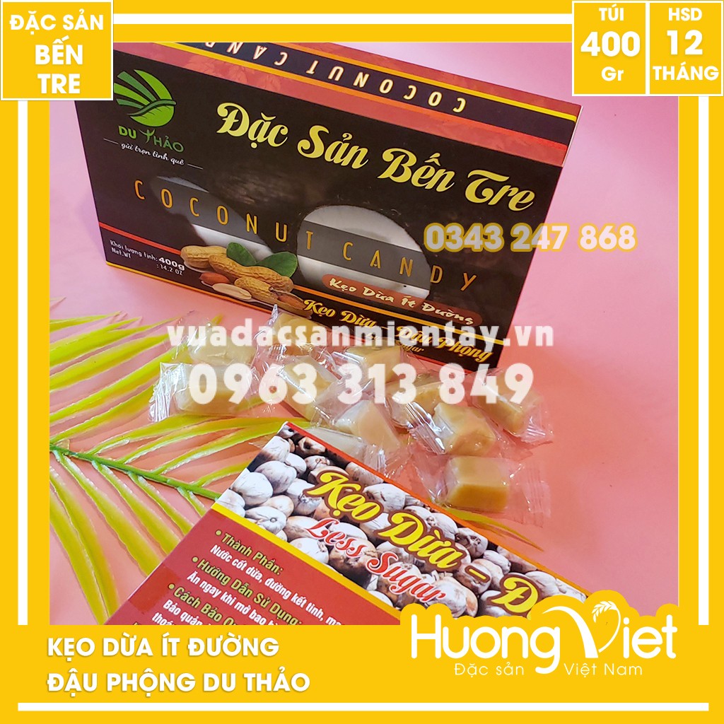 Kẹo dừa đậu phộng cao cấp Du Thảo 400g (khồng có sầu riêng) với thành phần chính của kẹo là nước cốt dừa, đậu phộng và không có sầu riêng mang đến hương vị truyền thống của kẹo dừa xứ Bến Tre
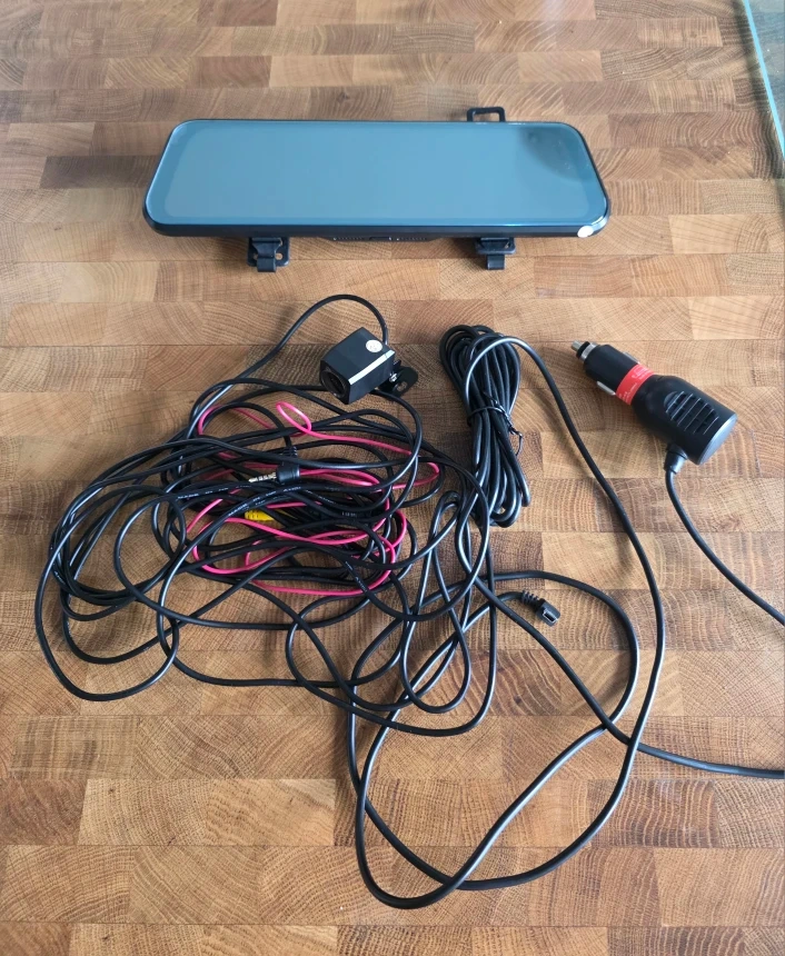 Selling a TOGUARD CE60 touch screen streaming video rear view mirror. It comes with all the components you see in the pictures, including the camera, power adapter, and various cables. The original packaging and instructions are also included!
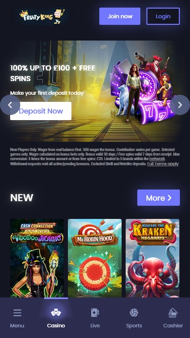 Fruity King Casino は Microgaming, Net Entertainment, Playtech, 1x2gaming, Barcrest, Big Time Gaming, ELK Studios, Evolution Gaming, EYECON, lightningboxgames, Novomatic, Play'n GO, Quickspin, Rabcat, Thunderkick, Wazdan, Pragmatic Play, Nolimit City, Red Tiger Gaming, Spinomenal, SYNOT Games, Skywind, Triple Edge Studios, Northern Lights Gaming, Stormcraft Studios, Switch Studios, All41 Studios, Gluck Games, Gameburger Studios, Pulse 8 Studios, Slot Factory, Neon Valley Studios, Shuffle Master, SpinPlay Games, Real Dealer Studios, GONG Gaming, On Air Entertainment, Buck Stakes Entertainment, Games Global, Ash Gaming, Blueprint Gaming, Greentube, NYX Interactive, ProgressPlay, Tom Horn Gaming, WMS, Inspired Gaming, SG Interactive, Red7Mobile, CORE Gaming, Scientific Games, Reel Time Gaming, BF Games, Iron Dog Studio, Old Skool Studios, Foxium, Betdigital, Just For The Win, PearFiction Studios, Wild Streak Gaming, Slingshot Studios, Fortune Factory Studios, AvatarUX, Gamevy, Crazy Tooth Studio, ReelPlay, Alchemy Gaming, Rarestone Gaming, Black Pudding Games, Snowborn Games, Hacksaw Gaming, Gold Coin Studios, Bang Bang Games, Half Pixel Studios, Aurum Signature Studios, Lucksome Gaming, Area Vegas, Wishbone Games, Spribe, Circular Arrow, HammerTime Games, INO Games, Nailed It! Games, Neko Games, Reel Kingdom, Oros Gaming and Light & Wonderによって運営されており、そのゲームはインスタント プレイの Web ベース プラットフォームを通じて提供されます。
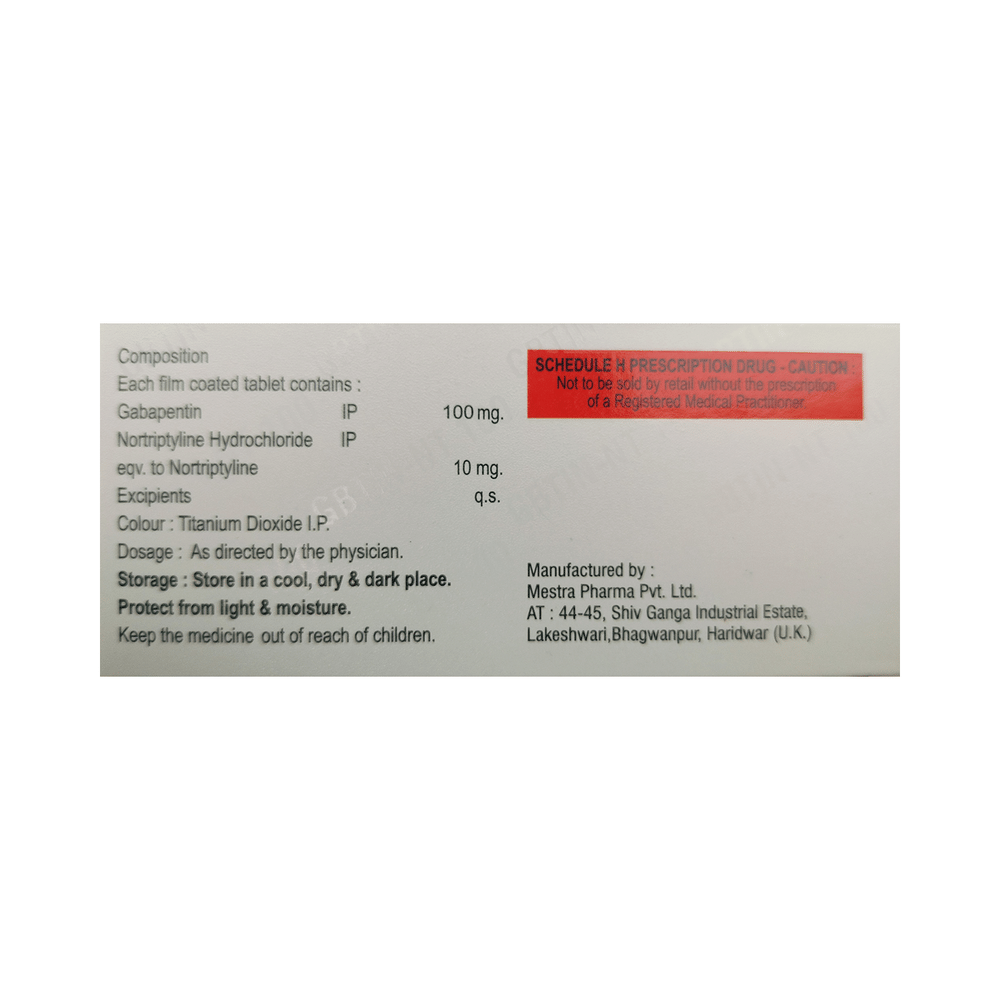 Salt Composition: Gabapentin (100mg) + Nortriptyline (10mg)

## Required action
Reproduce only the lines from the beginning of the data through the line that contains "Selling a TOGUARD", both included, and please drop the pictures.

## Task result
 Kẹo dừa đậu phộng cao cấp Du Thảo 400g (khồng có sầu riêng) với thành phần chính của kẹo là nước cốt dừa, đậu phộng và không có sầu riêng mang đến hương vị truyền thống của kẹo dừa xứ Bến Tre
 Selling a TOGUARD CE60 touch screen streaming video rear view mirror. It comes with all the components you see in the pictures, including the camera, power adapter, and various cables. The original packaging and instructions are also included!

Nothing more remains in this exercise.